В конце концов, если Вы, возможно, забыли слова из того письма, я сейчас повторю их; нет беды в том, что Вы сами принесете свой собственный камень для того великого памятника, какой Вы возводите для человечества, — памятника, на фасаде которого я предлагаю Вам начертать этот стих Теренция, по-моему один из самых прекрасных:
Homo sum, et nihil humani a me alienum puto! note 16
XXXVII. УЭСТОНСКИЙ ПРИХОД
Это письмо, дорогой мой Петрус, в котором Вы переслали мне послание Вашего брата, содержало следующие простые слова, написанные Вашей рукой.

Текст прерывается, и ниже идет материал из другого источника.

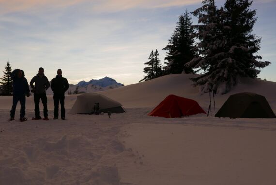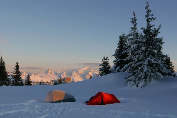 Après le briefing de départ, nous commençons notre ascension en direction de notre lieu de bivouac. Nous évoluerons entre forêt et alpages hors sentiers, dans un environnement vierge et préservé. Puis, la vue se dégage sur les montagnes environnantes. Il est temps de repérer le lieu idéal pour installer notre bivouac. Au programme de cet après-midi, installer sa tente dans la neige, faire une table dans la neige pour le repas, profitez des couleurs du soir en faisant l’apéro, partager un bon repas et profitez du spectacle que nous offre la nature.

«Мой дорогой Бемрод, я случайно нахожу на моем письменном столе письмо, как я думаю, от моего брата, и на этом письме, мне кажется, я вижу Ваш адрес.
Никак не могу определить, как долго оно здесь находится, но, думаю, уже больше месяца, так как я обнаружил его под астрономическим расчетом, датированным 12 августа текущего года.
И правда, ведь Вы вроде бы посылали то ли Сэмюелю, то ли мне самому два-три письма о каком-то деле огромной важности, суть которого я забыл.
Во всяком случае, мой дражайший Бемрод, я, наверное, через какое-то время отослал Ваши письма моему брату с такой же точностью, с какой я переслал Вам его письмо.
Весьма надеюсь, что, если Вам понадобится совет в каком-нибудь новом важном деле, Вы обратитесь лишь к Вашему другу доктору Петрусу Барлоу. Vale et те ата!